**YOUR ASSIGNMENT:**
No pictures go into the copy. Write out exactly the lines below from the one containing "Jane Marple /" through the one containing "Jaimini astrology argala".

(Saved data entries)

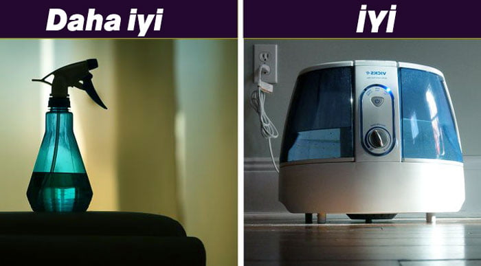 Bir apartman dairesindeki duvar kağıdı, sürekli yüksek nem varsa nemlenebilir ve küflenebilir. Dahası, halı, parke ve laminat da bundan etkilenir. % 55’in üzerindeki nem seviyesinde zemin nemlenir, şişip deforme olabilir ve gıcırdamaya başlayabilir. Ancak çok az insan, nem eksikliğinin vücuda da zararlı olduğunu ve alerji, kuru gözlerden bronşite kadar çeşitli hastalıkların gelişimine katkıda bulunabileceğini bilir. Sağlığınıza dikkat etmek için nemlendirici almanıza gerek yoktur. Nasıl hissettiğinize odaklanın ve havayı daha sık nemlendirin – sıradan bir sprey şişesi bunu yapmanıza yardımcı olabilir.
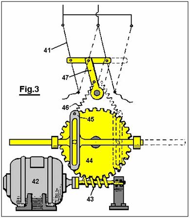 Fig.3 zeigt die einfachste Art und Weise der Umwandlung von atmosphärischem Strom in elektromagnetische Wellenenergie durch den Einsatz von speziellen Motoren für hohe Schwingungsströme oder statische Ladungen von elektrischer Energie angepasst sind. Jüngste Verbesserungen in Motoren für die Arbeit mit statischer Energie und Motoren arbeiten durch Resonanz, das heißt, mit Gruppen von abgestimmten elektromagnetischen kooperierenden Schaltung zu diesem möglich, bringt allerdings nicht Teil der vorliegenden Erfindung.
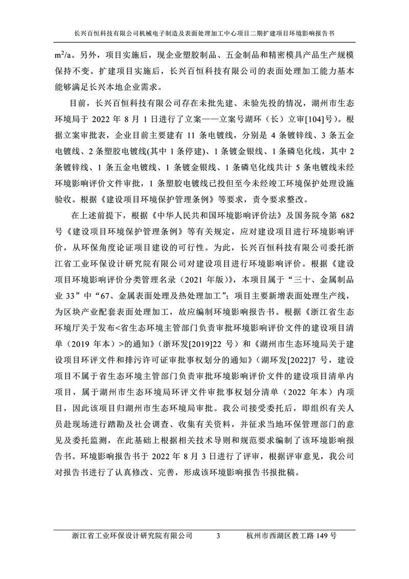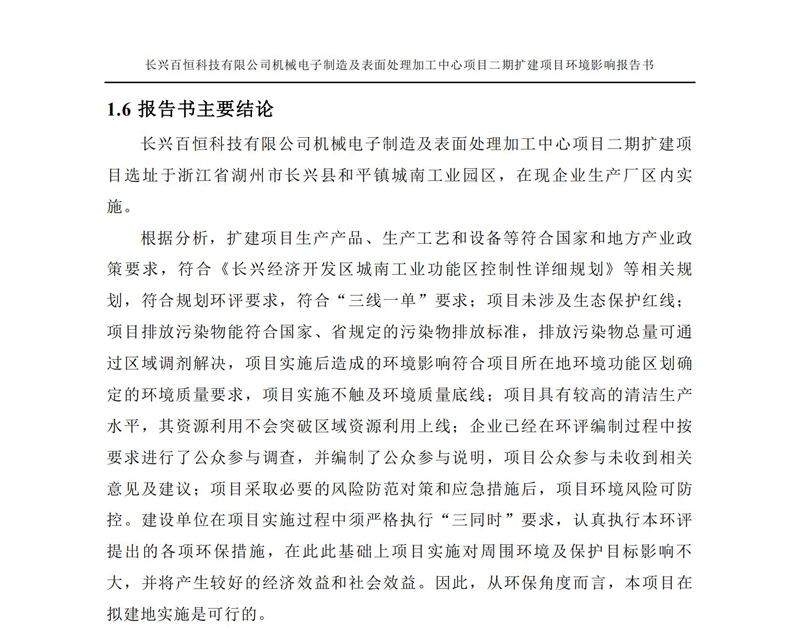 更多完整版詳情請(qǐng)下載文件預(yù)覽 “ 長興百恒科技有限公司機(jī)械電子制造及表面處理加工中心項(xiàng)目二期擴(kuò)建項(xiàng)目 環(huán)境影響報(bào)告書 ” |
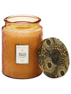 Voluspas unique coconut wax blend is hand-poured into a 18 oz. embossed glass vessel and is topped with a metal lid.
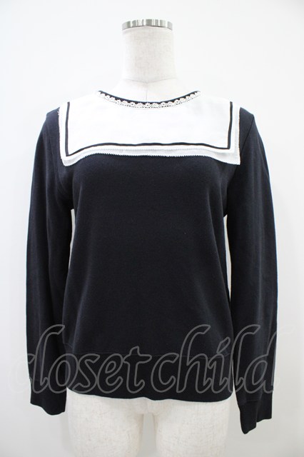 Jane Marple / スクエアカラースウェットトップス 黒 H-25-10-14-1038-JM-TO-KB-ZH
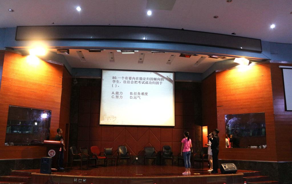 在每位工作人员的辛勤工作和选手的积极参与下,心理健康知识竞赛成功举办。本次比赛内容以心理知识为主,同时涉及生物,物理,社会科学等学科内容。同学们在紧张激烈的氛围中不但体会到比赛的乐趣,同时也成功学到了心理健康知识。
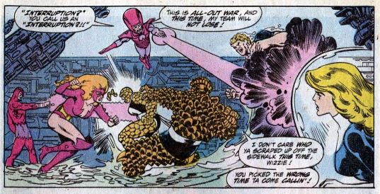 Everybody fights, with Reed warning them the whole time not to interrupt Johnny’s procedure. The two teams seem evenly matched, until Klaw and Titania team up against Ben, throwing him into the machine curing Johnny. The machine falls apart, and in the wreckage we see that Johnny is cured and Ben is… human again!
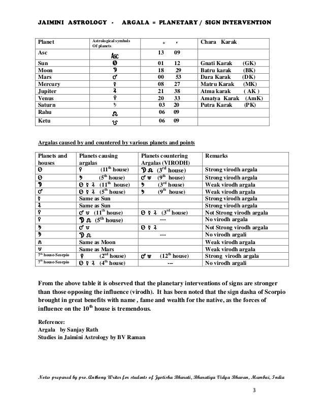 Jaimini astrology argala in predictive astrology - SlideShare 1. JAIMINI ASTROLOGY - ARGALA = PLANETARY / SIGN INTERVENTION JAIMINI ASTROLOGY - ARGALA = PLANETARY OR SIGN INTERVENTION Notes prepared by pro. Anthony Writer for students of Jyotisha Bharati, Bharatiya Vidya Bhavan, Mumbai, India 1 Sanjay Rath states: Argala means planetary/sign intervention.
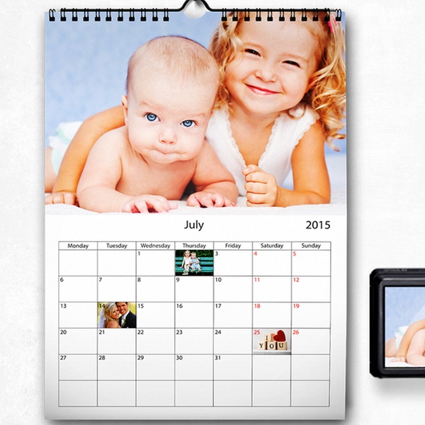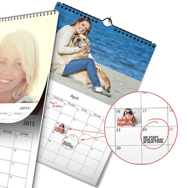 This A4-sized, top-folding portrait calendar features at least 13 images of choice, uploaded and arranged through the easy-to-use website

**ANSWER SECTION:**
 Jane Marple / スクエアカラースウェットトップス 黒 H-25-10-14-1038-JM-TO-KB-ZH
 在每位工作人员的辛勤工作和选手的积极参与下,心理健康知识竞赛成功举办。本次比赛内容以心理知识为主,同时涉及生物,物理,社会科学等学科内容。同学们在紧张激烈的氛围中不但体会到比赛的乐趣,同时也成功学到了心理健康知识。
 Everybody fights, with Reed warning them the whole time not to interrupt Johnny’s procedure. The two teams seem evenly matched, until Klaw and Titania team up against Ben, throwing him into the machine curing Johnny. The machine falls apart, and in the wreckage we see that Johnny is cured and Ben is… human again!
 Jaimini astrology argala in predictive astrology - SlideShare 1. JAIMINI ASTROLOGY - ARGALA = PLANETARY / SIGN INTERVENTION JAIMINI ASTROLOGY - ARGALA = PLANETARY OR SIGN INTERVENTION Notes prepared by pro. Anthony Writer for students of Jyotisha Bharati, Bharatiya Vidya Bhavan, Mumbai, India 1 Sanjay Rath states: Argala means planetary/sign intervention.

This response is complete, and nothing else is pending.